CSCE 410/810

Homework Assignment 4:  Review

 

November 18, 2003

 

By Leen-Kiat Soh and Xin Li

 

Problem

 

The goals of this exercise are (a) to learn how to extract keywords from a textual database and build a system that holds the information (keywords, term frequencies, inverse document frequencies, etc.) for later analysis, (b) to evaluate the similarity between two documents, and (c) to evaluate the diversity of different document collections. 

 

Review

 

Intra-similarity and Precision:

 

In general, if the documents in a document set are similar, then you could get high recall—since you would be able to retrieve a high number of documents given a query.

 

In general, if the documents in a document set are dissimilar, then you could get high precision--since you would be able to retrieve only a low number of documents, increasing the chance of getting a high precision.

 

The key is this.  Suppose you are an IR system designer.  Your client wants you to design an IR system with high precision.  What are the questions that you should ask about the documents?  Are the documents in the document set very similar or very dissimilar?  If the documents are very similar, will that make your task more difficult?  If the documents are very dissimilar, will that make your task easier?  And if similarly is related to diversity/separation, what can you say about them?

 

Importance of Domains and Titles (Tipster Topics):

 

I have observed several arguments on the importance of domains and titles.

 

The key is this:  Suppose pair 1 has the same title (very similar) but different domains, and pair 2 has different titles but the same domain (very similar), which pair would have a higher similarity?

 

If we do this for all pairs (considered to be similar), and if pair 1 consistently has a higher similarity value than pair 2, then what can we say about the titles?  Can we say that the experts have done a better job at labeling (titles) the documents than at categorizing (domains) the documents?

 

Of course, to answer the above question with a higher confidence would be to not use the titles and domains when we extract keywords from the documents—that is, we extract keywords only from the Description and Narrative sections.

 

Think about it.

 

Influence of Stoplist to Similarity Analysis

 

In general, the similarity between two documents should be fixed.
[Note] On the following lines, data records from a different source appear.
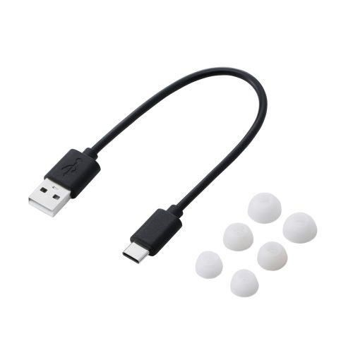 持ち運びやすい長さのUSB-A - USB Type-C(TM)ケーブルが付属しています。イヤーキャップはS/M/Lの3サイズ。耳の大きさや形状に適したサイズが選べるので、落下への心配も少なく使用できます。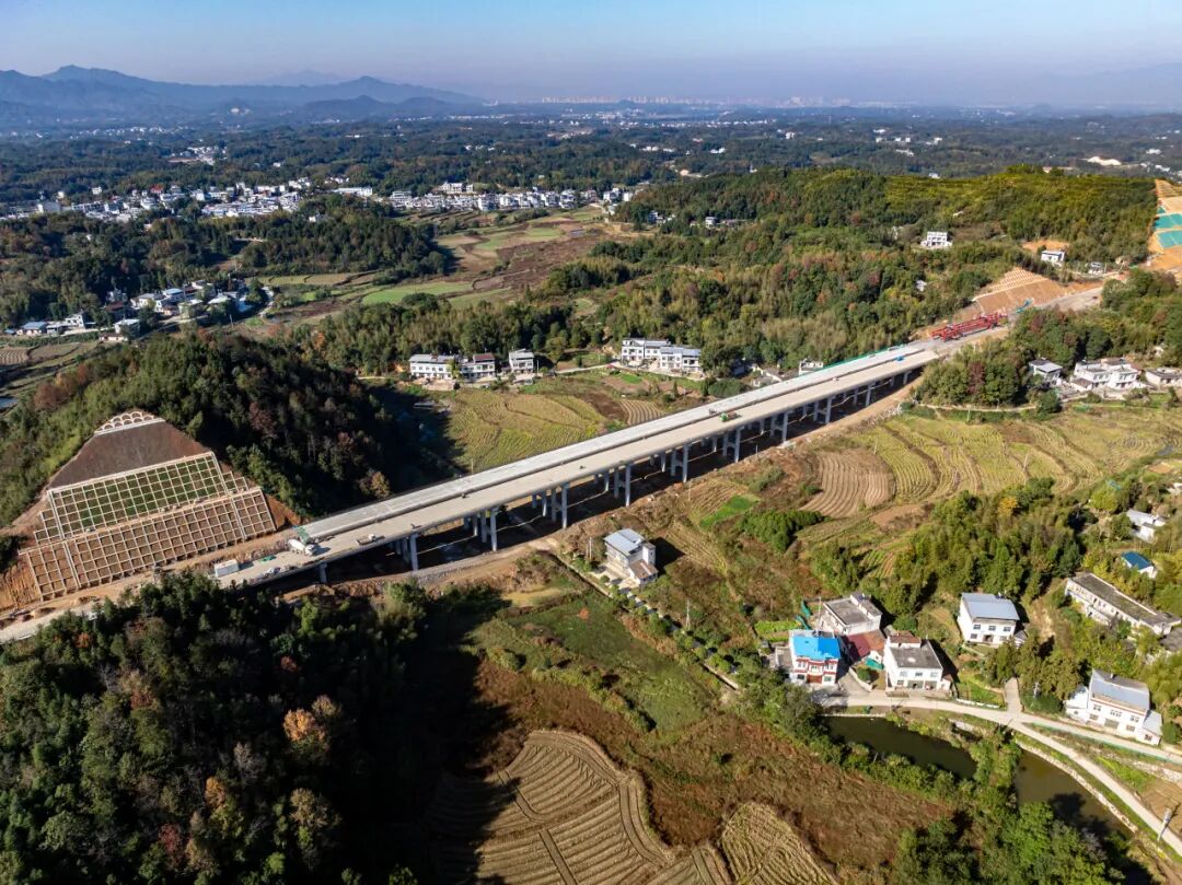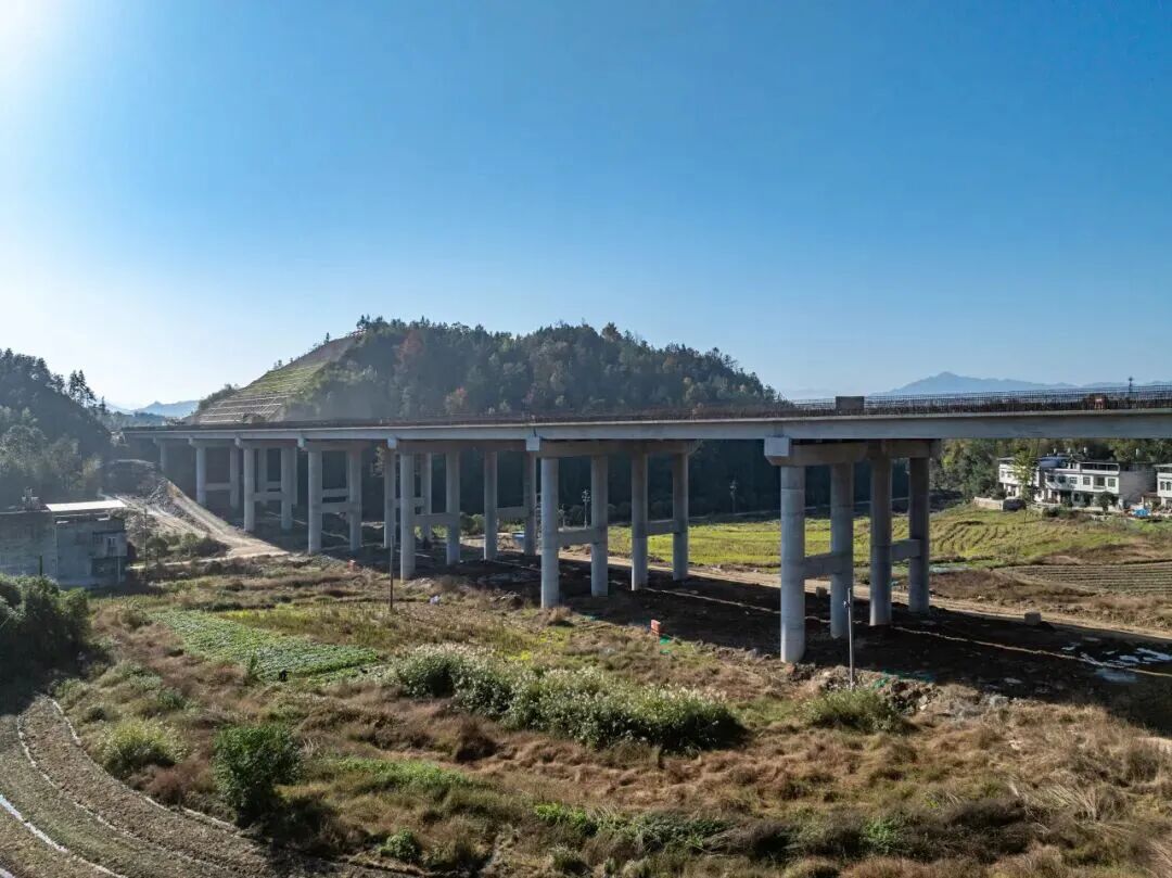 文家屋大橋、坳上大橋橫跨山坳,1124 米的路線高差起伏巨大,橋梁墩柱最高 39.6 米、最低僅 2 米,懸殊的高差對施工精度提出了挑戰(zhàn),是標段內重點控制性工程。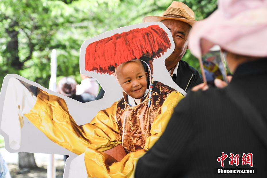 5月25日,2019年“藏戲演出季”第二場(chǎng)演出在西藏拉薩布達(dá)拉宮腳下的宗角祿康公園開(kāi)演。據(jù)了解,2019年藏戲演出季將持續(xù)到今年的7月20日,每周六來(lái)自拉薩八縣區(qū)的優(yōu)秀藏戲隊(duì)將相繼進(jìn)行公益表演。圖為當(dāng)?shù)貎和w驗(yàn)藏戲人物裝扮造型。中新社記者 何蓬磊 攝

But even if the same tools for stemming and stoplist processing are used, the different stoplist can incur different similarity evaluation results. In topics.1-50 and topics.51-100, each document has a same set of tags. If these tags are not used as stop words, each pair of documents will have even very low similarity just because of these tags. In fact, this is not correct. Thus, we can get such a conclusion that in order to increase the precision of information retrieval, the stoplist should be built with general terms as many as possible to filter out more irrelevant information to the document itself.